Он как-то странно хмыкнул.

—Это я сделал в первую очередь. Сразу после лампочки. Иначе какой я Пиздец?

Я была заинтригована и даже немного испугана — ведь речь шла о серьезном метафизическом акте.

—А какой ты Пиздец?— спросила я тихим от уважения голосом.

—Полный,— ответил он.

В эту минуту он дышал такой романтической силой и тайной, что я не удержалась и потянулась к нему, чтобы поцеловать. Он побледнел и отшатнулся, но, видимо, понял, что мачо так себя не ведут, и позволил мне завершить начатое. Все мышцы его тела напряглись, но ничего страшного не случилось.

—Как я за тебя рада, милый!— сказала я.

Мало кто из оборотней знает, что такое радость за другого. А бесхвостые обезьяны не знают этого и подавно, они умеют только широко улыбаться, чтобы повысить свою социальную адаптивность и поднять объем продаж. Имитируя радость за другого, бесхвостая обезьяна испытывает зависть или в лучшем случае сохраняет равнодушие. Но я действительно испытала это чувство, чистое и прозрачное, как вода из горного ручья.

—Ты не представляешь себе, как я за тебя рада,— повторила я и поцеловала его еще раз.

На этот раз он не отстранился.

—Правда?— спросил он.— А почему?

—Потому что у тебя наконец хорошее настроение.

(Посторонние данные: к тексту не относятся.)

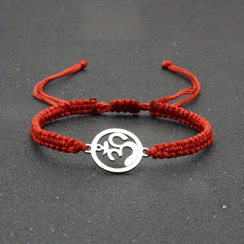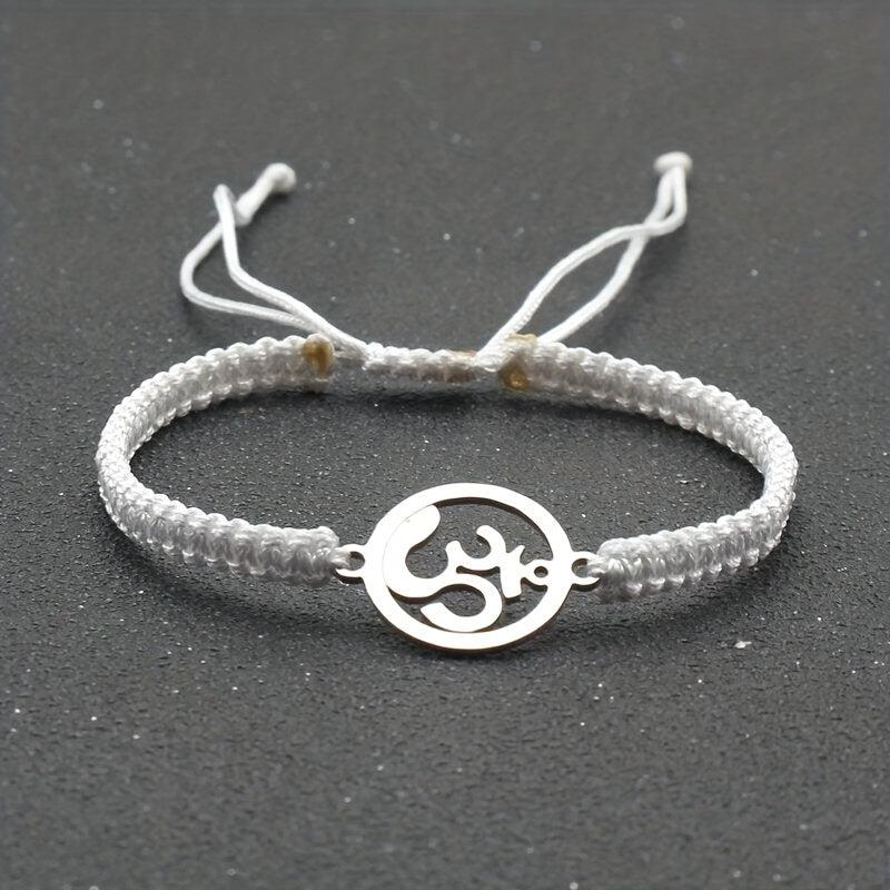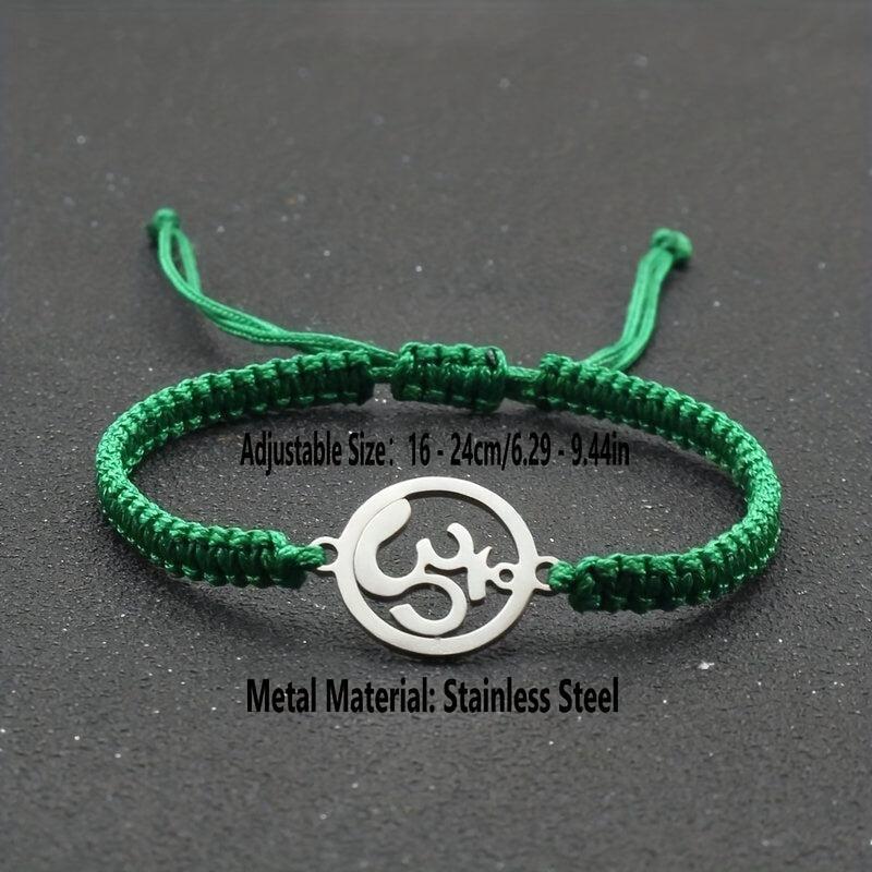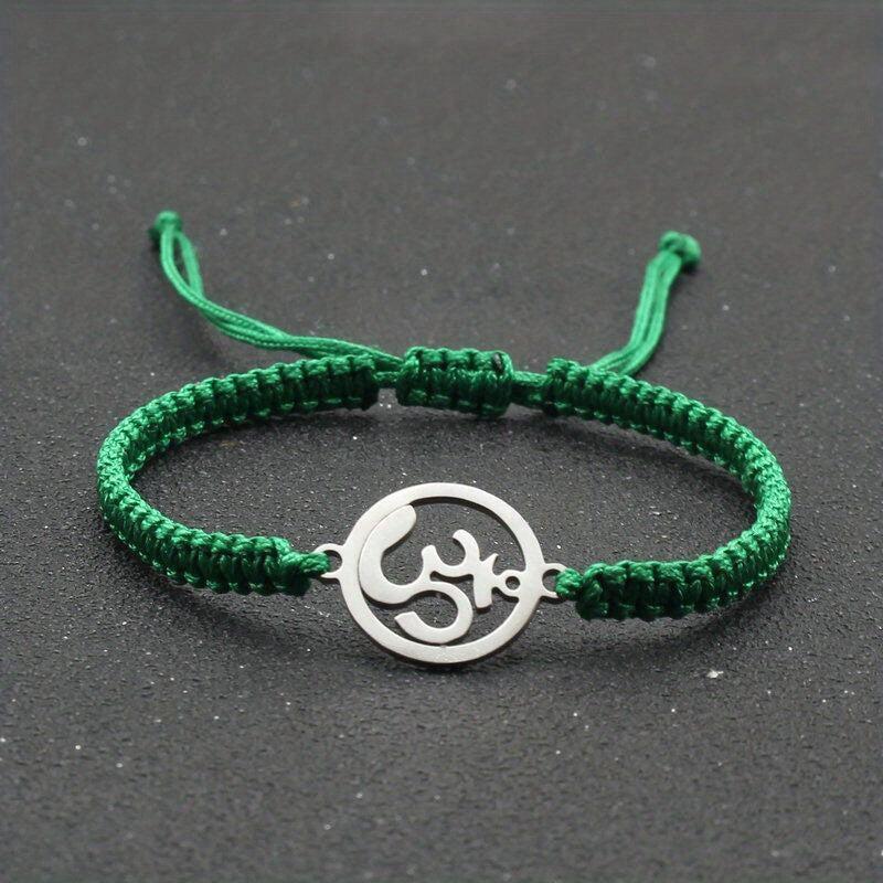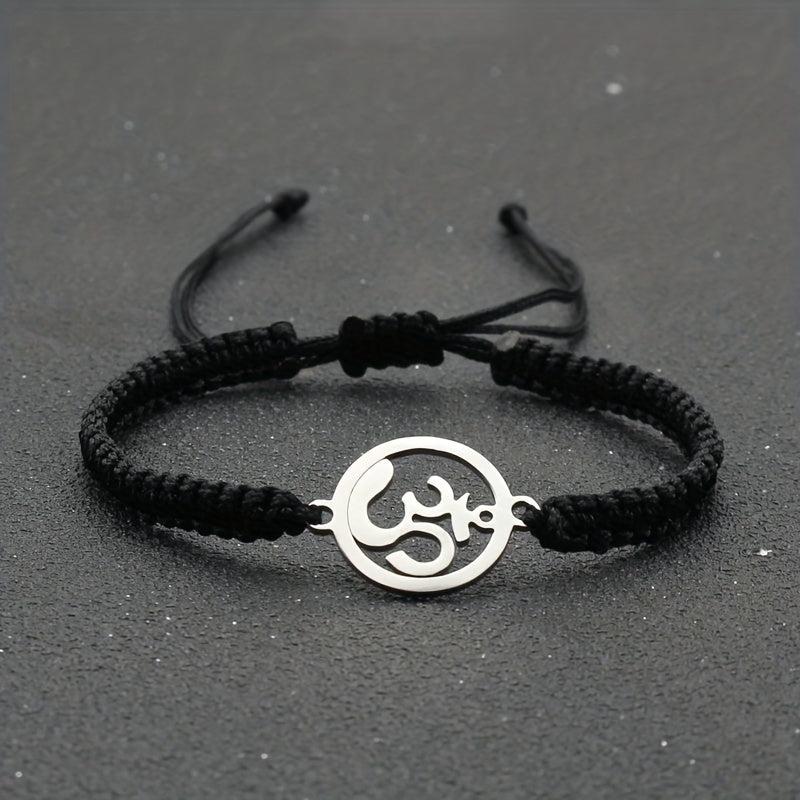 This handwoven bracelet features the OM symbol, suitable for both men and women. Made of stainless steel, it is durable and stylish. Perfect for yoga and daily wear.

Тебе лучше. А я тебя люблю.

Он чуть помрачнел,

—Я тебя тоже люблю. Но я все время думаю, что ты от меня уйдешь, Наверно, тебе после этого будет лучше. Но я не испытаю за тебя никакой радости.

—Во-первых, я никуда не собираюсь от тебя уходить,— сказала я.— А во-вторых, то чувство, о котором ты говоришь,— это не любовь, а проявление эгоизма. Для самца-шовиниста в тебе я просто игрушка, собственность и статусный символ-трофей. И ты боишься меня потерять, как собственник боится расстаться с дорогой вещью. Так ты никогда не сможешь испытать за другого радость.

—А как испытать радость за другого?

—Для этого надо ничего не хотеть для себя.

—Ты что, ничего не хочешь для себя?— спросил он недоверчиво.

Я отрицательно покачала головой.

—А почему?

—Я уже как-то тебе говорила. Когда долго смотришь вглубь себя, понимаешь, что там ничего нет. Как можно чего-то хотеть для этого ничего?

—Но ведь если в тебе ничего нет, то в других и подавно.

—Если разобраться, нигде нет ничего настоящего,— сказала я.— Есть только тот выбор, которым ты заполняешь пустоту. И когда ты радуешься за другого, ты заполняешь пустоту любовью.

—Чьей любовью? Если нигде никого нет, чья это тогда любовь?

—А пустоте это безразлично. И ты тоже не парься по этому поводу. Но если тебе нужен смысл жизни, то лучшего тебе не найти.

—А любовь — это что, не пустота?

—Пустота.

—Тогда какая разница?

—А разница — тоже пустота. Он немного подумал.

—А можно заполнить пустоту... справедливостью?

—Если ты начнешь заполнять пустоту справедливостью, ты быстро станешь военным преступником.

—Чего-то ты здесь путаешь, рыжая. Почему это военным преступником?

—Ну а кто будет решать, что справедливо, а что нет?

—Люди.

—А кто будет решать, что решат люди?

—Придумаем,— сказал он и поглядел на летевшую мимо него муху. Муха упала на пол.

—Ты чего, озверел?— спросила я.— Хочешь быть, как они?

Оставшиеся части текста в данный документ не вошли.